Tauhid mengatakan, koperasi dan UMKM merupakan dua sektor yang saling berkaitan sehingga harus dikembangkan secara bersama. Menurutnya, program Warung Mama dapat menjadi wadah yang memperkuat peran koperasi sekaligus memperluas pemasaran produk UMKM.
“Warung Mama itu filosofinya adalah pusat produksi dan pasar itu dekat,” kata Tauhid.
Ia menjelaskan, konsep tersebut memungkinkan masyarakat yang memiliki usaha rumahan memasarkan produknya melalui warung milik warga di lingkungan sekitar. Dengan begitu, proses produksi hingga pemasaran menjadi lebih mudah dan efisien.
“Karena pusat produksi dan pemasarannya dekat, kita coba integrasikan dengan kegiatan Koperasi Merah Putih maupun kegiatan produktif lainnya,” ujarnya.
Selain itu, Tauhid mengapresiasi peran Dekranasda Kota Ternate yang selama ini aktif membina pelaku UMKM, termasuk menyediakan ruang promosi dan pemasaran produk lokal.
Ia menambahkan, Kota Ternate akan menjadi tuan rumah Rapat Kerja Nasional (Rakernas) Jaringan Kota Pusaka Indonesia (JKPI) pada 26-30 Agustus mendatang. Agenda nasional yang akan dihadiri perwakilan dari 72 daerah itu dinilai menjadi peluang besar bagi pelaku UMKM untuk mempromosikan produknya.

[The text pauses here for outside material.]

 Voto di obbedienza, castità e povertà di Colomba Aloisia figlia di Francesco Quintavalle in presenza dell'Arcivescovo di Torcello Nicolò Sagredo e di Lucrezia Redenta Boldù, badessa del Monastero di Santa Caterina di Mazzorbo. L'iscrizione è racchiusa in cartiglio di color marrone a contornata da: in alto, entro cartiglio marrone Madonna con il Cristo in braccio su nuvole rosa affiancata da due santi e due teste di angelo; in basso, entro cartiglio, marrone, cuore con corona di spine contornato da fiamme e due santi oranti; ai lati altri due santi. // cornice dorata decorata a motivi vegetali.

“Kita selalu mendorong UMKM terlibat dalam setiap event. Mulai dari STQ Nasional 2021, Sail Tidore 2022, Hari Nusantara 2023 hingga Apeksi. Semua kegiatan itu membawa dampak ekonomi bagi masyarakat Ternate. Pada JKPI nanti kita ingin UMKM kembali memanfaatkan peluang tersebut agar bisa naik kelas, jangan tinggal kelas terus,” katanya.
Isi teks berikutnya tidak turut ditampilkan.